ECLI:NL:GHAMS:2020:3309

Gerechtshof Amsterdam

Datum uitspraak
1 december 2020
Publicatiedatum
9 december 2020
Zaaknummer
200.261.291/01
Instantie
Gerechtshof Amsterdam
Type
Uitspraak
Rechtsgebied
Civiel recht
Procedures
  • Verzet
Vindplaatsen
  • Rechtspraak.nl
AI samenvatting door LexboostAutomatisch gegenereerd

Verhaal voor een vordering op derde-beslagene op de voet van artikel 479a Rv; werkzaamheden die gewoonlijk slechts tegen betaling worden verricht

In deze zaak heeft het Gerechtshof Amsterdam op 1 december 2020 uitspraak gedaan in hoger beroep over een vordering van Stichting Administratiekantoor Menuire (STAK) tegen Dentons Boekel N.V. (Boekel). STAK was in hoger beroep gekomen van een vonnis in verzet van de rechtbank Amsterdam, waarin werd geoordeeld dat STAK aan [X] een redelijke vergoeding verschuldigd was voor werkzaamheden die hij voor de stichting had verricht. De rechtbank had vastgesteld dat [X] werkzaamheden had verricht die gewoonlijk tegen betaling worden verricht, en had de vergoeding vastgesteld op € 8.333,- per maand, met terugwerkende kracht vanaf 1 april 2017.

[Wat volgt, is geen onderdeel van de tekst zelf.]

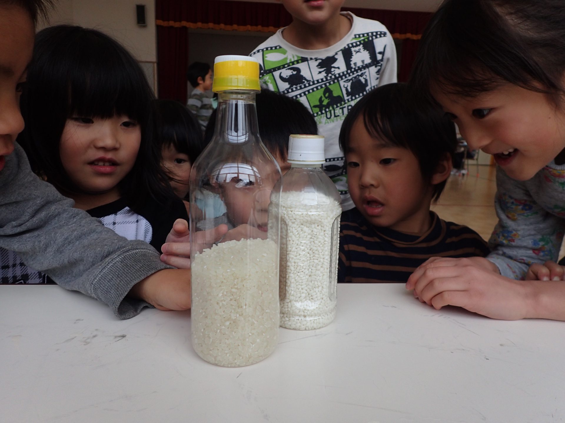 こんな子も「大きさはよーく見るともち米の方が大きい気がする」と大きさを比べ
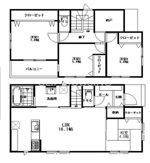 | 間取り | 4LDK 間取り内訳:リビングダイニングキッチン 18.1帖(1階)・和室 4.5畳(1階)・洋室 7帖(2階)・洋室 5帖(2階)・洋室 5帖(2階) |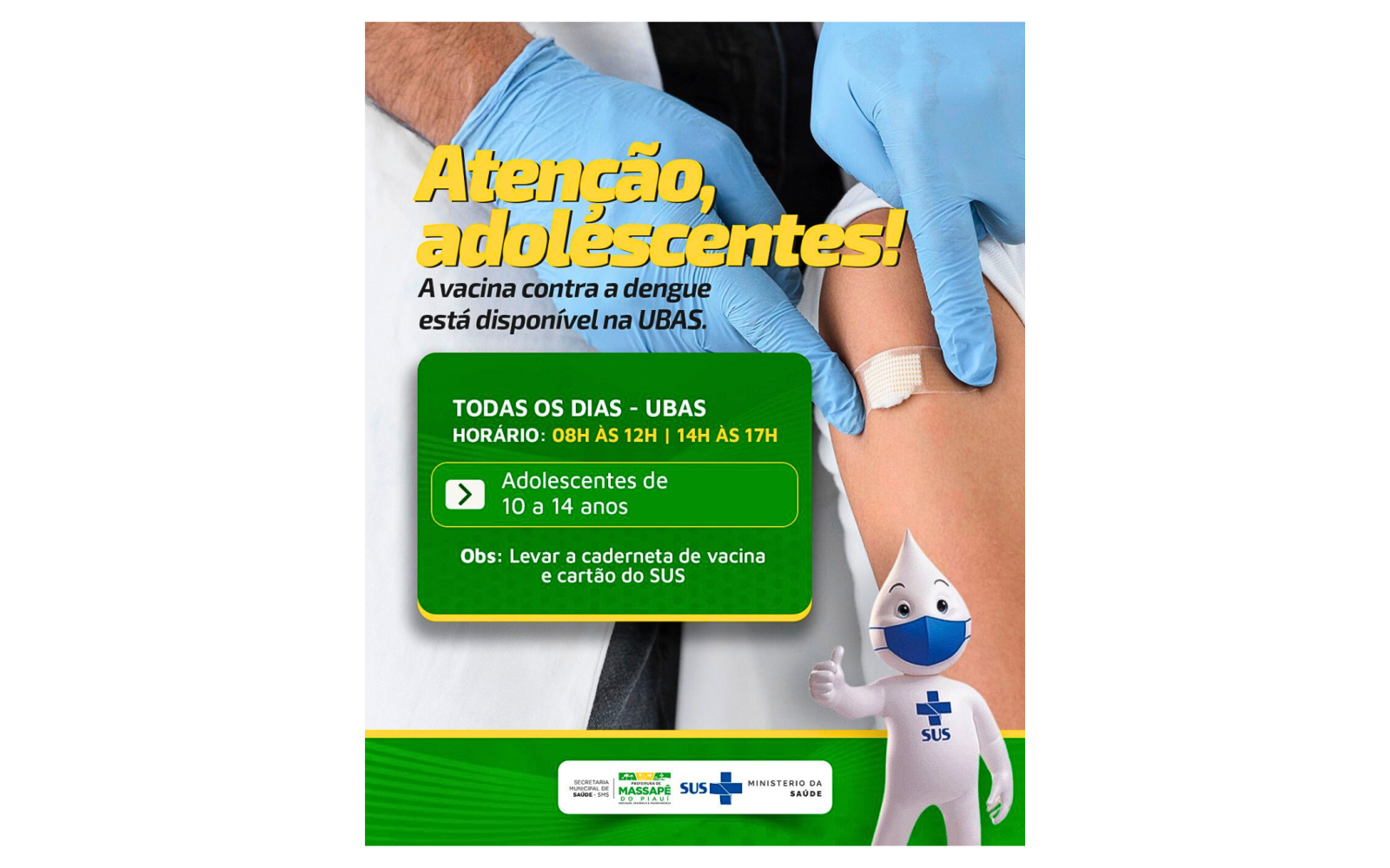 A Prefeitura de Massapê do Piauí, através da Secretaria Municipal de Saúde, está realizando a oferta da vacina contra a dengue para adolescentes de 10 a 14 anos na Unidade Básica de Saúde (UBAS) de José Joaquim de Moraes do município.

STAK heeft in hoger beroep vier grieven ingediend, waarbij zij betwistte dat [X] de werkzaamheden voor STAK had verricht en dat deze werkzaamheden gewoonlijk tegen betaling werden verricht. Het hof heeft de feiten die door de rechtbank waren vastgesteld als uitgangspunt genomen en geoordeeld dat STAK onvoldoende bewijs had geleverd voor haar stellingen. Het hof concludeerde dat [X] inderdaad werkzaamheden voor STAK had verricht en dat deze werkzaamheden van zodanige aard waren dat daarvoor een vergoeding verschuldigd was.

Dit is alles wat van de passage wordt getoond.